一晩で体重が1kg増えた——それ、脂肪ではなく水分かもしれません
朝、体重計に乗ったら、昨日より0.5〜1kgほど増えている。ダイエット中なら、思わず落ち込む瞬間です。でも、落ち着いてください。一晩でそれだけの脂肪が増えることは、実はほとんどありません。
この記事では、体重の急な変動が"脂肪ではなく水分"であることが多い理由を整理します。
体脂肪を1kg増やすには約7,000kcalを超える余剰が必要で、一晩ではまず起きません。体重計が一晩で0.5〜1kg、数日で1〜2kg動いても、その大半は水分。とりわけ前夜の塩分が、水分の保持を通じて翌朝の数字に現れます。
一晩で、脂肪はそんなに増えない
体脂肪を1kg増やすには、およそ7,000kcalを超える余剰エネルギーが必要とされます[1]。仮に一晩で0.5kgの脂肪が増えたとすれば、その分だけで約3,500kcalも余分に食べた計算になり、現実的ではありません。
つまり、体重計が一晩で0.5〜1kg、あるいは数日で1〜2kg動いたとき、その大半は脂肪ではありえない——と、数字そのものが教えてくれます。
では、何が動いたのか——多くは水分
体重の短期的な変動の大きな要因は、体内の水分です。とりわけ、前夜の食事の塩分は、水分の保持に影響します。塩分を多くとると、体は塩分濃度を保とうとして水分を一時的に溜め込みやすくなり[2]、それが翌朝の体重に現れます。
外食、麺類、味の濃い料理。思い当たる翌朝ほど、数字は上振れしやすい。そして、この水分は、多くの場合、数日でベースラインに戻ります。
"誤警報"に振り回されないために
問題は、この水分の変動を"脂肪が増えた"と誤解して、焦ったり、極端な行動に走ったりすることです。
体重計の一時的な数字は、あなたの努力の失敗ではありません。脂肪の増減は、もっと長い期間の傾向で見るものです。
数字に、背景を添える
meiseki OS は、あなたの体重の急な変動を、前夜の食事——とりわけ塩分——と並べて映します。急な変動は多くの場合が水分で、脂肪は1日で大きくは動きません。そのうえで、記録が十分に貯まると、「あなたの場合、こうした変動はおよそ何日でベースラインに戻るか」という、あなた固有の戻り方も見えてきます。
ただし、ある一日の増加を「これは脂肪です/水分です」と言い切ることはしません(体組成の測定がなければ、その日の中身は誰にも断定できないからです)。できるのは、急な数字と、その前の食事、そしてあなたの過去の戻り方を並べて、落ち着いて眺められるようにすること。数字の上下に、罪悪感を持たせるためのものではありません。判断は、あなたのものです。

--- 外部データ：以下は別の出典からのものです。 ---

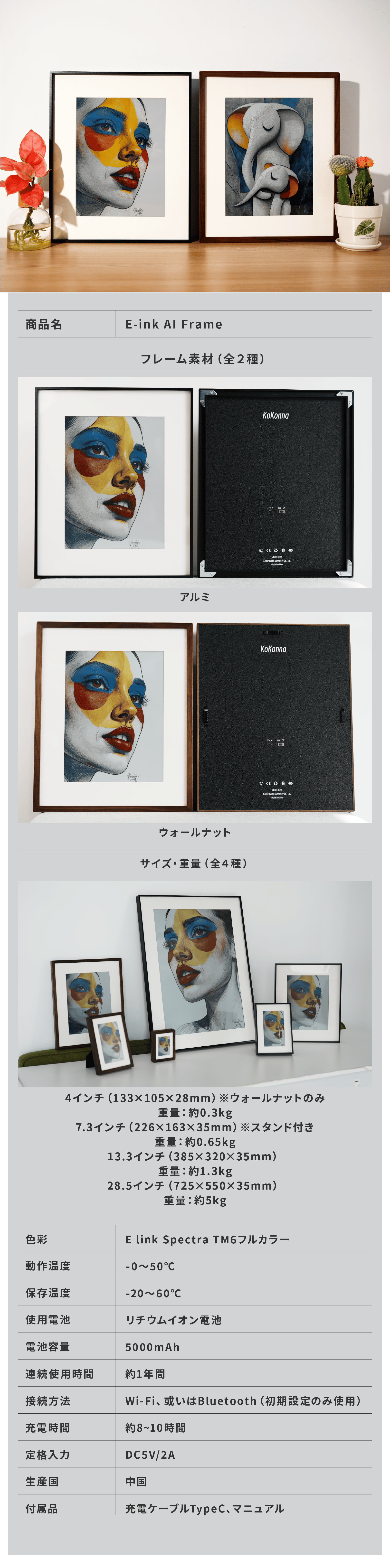 コードレスで壁に飾って楽しめる、電子インク式のデジタルアートフレームです。
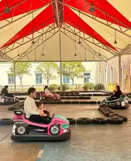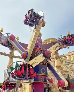Powered: carousel, bumper cars, trains, rotating coffee cups, self-controlled airplanes, Ferris wheels, etc. (child-friendly)
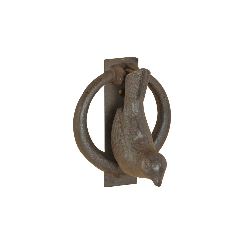 Hnědé litinové klepadlo na dveře s ptáčkem - 9x8x11 cm
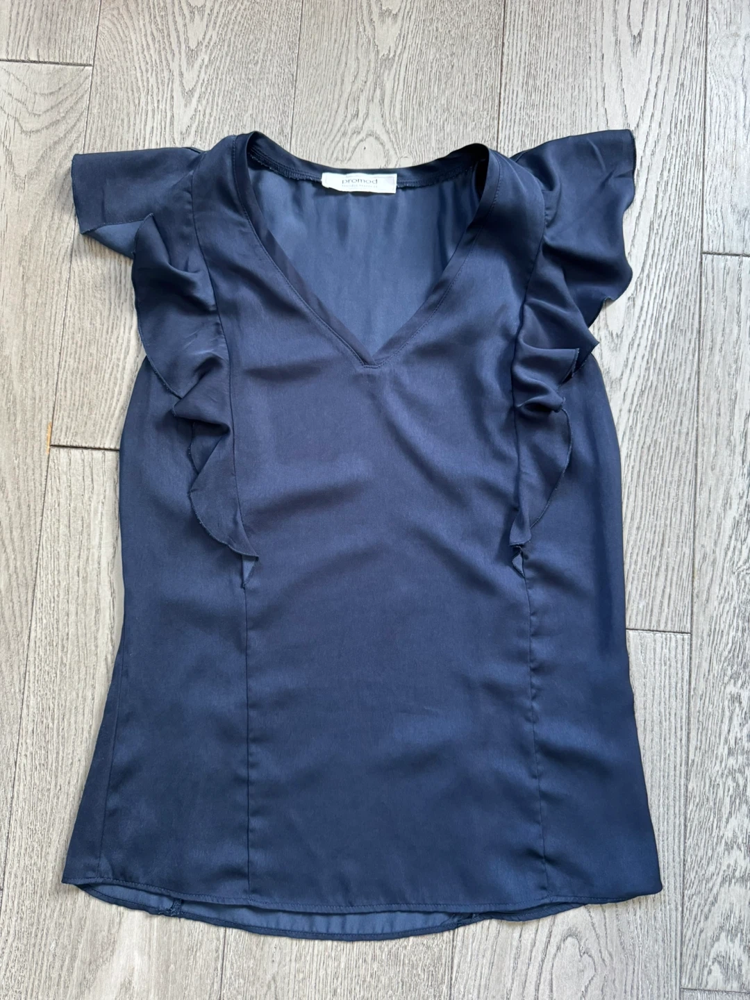 This navy blue blouse from has cute flutter sleeves with ruffles. It's made of a silky material and features a V-neckline. It's a stylish top perfect for dressing up or down!
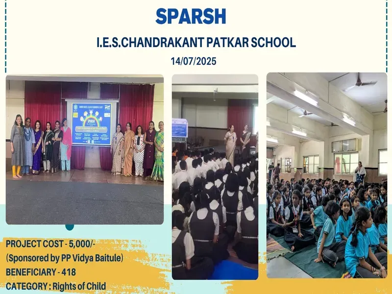 A Sparsh Awareness session was conducted at I.E.S. Chandrakant Patkar English & Marathi Medium School. Students from English Medium (8th & 9th) and Marathi Medium (5th to 8th) were guided about safe and unsafe touch. The session benefited 482students and was conducted by PP Vidya Baitule,,PP Poonam Bobade Madhuri Navre, and Leena Choudhari. All students were given chikki sponsored by PP Vidya Baitule.
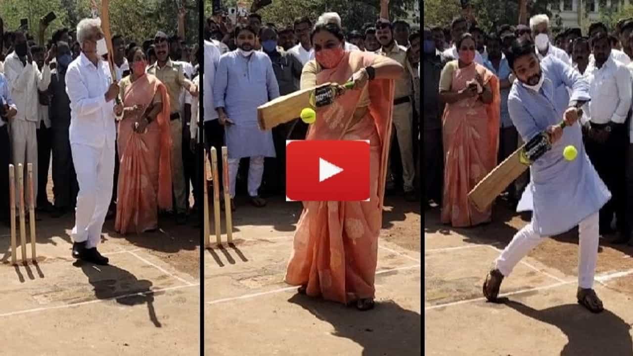सांगली : महाविकास आघाडीतील मंत्री राजकीय मैदानात तुफान फटकेबाजी करताना सर्वांनीच पाहिलं आहे. मात्र दोन पक्षांतील तीन मंत्र्यांना एकाच मैदानावर क्रिकेट खेळताना पाहण्याचा योग सांगलीवासियांना आला. काँग्रेसच्या फायरब्रँड नेत्या यशोमती ठाकूर, युवा नेते विश्वजीत कदम आणि शिवसेनेचे ‘दादा’ नेते दादा भुसे यांनी सॉल्लिड फटकेबाजी केली. (Sangli Minister Dada Bhuse Yashomati Thakur Vishwajeet Kadam Cricket)
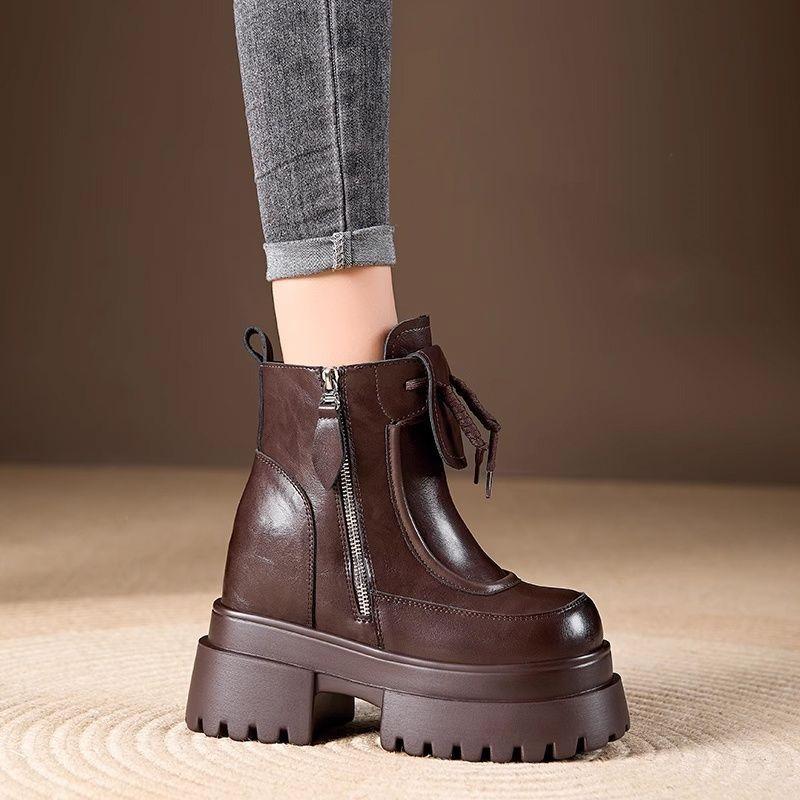 Модные кожаные ботильоны на платформе с квадратным носком и массивным каблуком для женщин Мода 2025 Y2k Новинка Осень Зима Женские короткие туфли
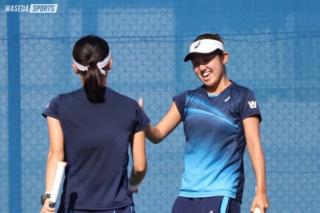 ダブルスは前回と変わらない布陣で試合に入った。D1の前田優歩(社3=沖縄尚学)・吉岡希紗(スポ3=三重・四日市商)組は、昨年の全日本学生選手権(インカレ)優勝ペアである阿部宏美・川出莉子組と対戦。試合は序盤から相手ペアのペースに。川出の素早い前衛の動きに苦しみ、ボレー、スマッシュともに高い技術力を見せる川出に次々とポイントを決められた。さらには阿部の威力のあるサーブやストロークにも苦戦し、第1セットを0-6で落とす。雨での中断を挟み、第2セットはボレーを決めにいき、反撃を見せたゲームもあった。しかし第1セットからの流れは変えられず、ストレート負けを喫した。D2の石川琴実(社3=神奈川・白鵬女)・神鳥舞(スポ2=東京・早実)組は雨での中断の後、3-3から2ゲームを連取。そのまま第1セットを獲得する。しかし、第2セットの中盤で前田・吉岡組が敗れ、勢いに乗った筑波大ペアにミスなく積極的に攻められ、このセットを落としてしまう。ここで敗れてしまうと苦しい展開となる中、第3セットは先にリードを許したが最大3点差以内で粘り強くついていく。そして5-7から石川の相手前衛の横を抜くショットなど、ミスを恐れない積極的なプレーで5ポイントを連取して逆転。チームを鼓舞する勝利で早大は勝敗をタイに戻した。

疲労・情報過多・体調のノイズに判断を曇らされず、自分の状態を正しく踏まえて決められる状態を、meiseki OSではこう呼んでいます。散在する生体・栄養・運動・主観データの統合と計算をシステムが裏側で肩代わりし、有限な思考エネルギーを判断そのものに残す。そのための「静かな鏡」として、meiseki OS(HLG Dynamics)は設計されています。
よくある質問
体重が増えたら、脂肪が増えたということ?
短期の変動の大半は水分です。体脂肪を1kg増やすにはおよそ7,000kcalを超える余剰が必要とされ、一晩でそれだけの脂肪がつくことは現実的ではありません。脂肪の増減は、もっと長い期間の傾向で判断します。
むくみが気になります。
一般的な水分の変動とは別に、継続する強いむくみがある場合は、医療者にご相談ください。
出典
- 体重1kgあたりのエネルギー量(およそ7,700kcal/kg)の科学的整理:Hall, K.D. (2008). What is the required energy deficit per unit weight loss? International Journal of Obesity, 32(3), 573–576.(PMC・無料全文) ncbi.nlm.nih.gov
- 塩分と体内の水分保持の一般的な関係(塩分→水分貯留):Dietary considerations in the evaluation and management of nocturia.(PMC・無料全文) ncbi.nlm.nih.gov
免責:本記事は一般的な健康情報であり、医療上の助言、診断、治療に代わるものではありません。meiseki OS は、特定の食事・運動の指示や医学的な診断・治療を行うものではなく、あなたの記録を整理し、判断の材料を映す仕組みです。体調に関する判断は、医療者にご相談のうえ、ご自身で行ってください。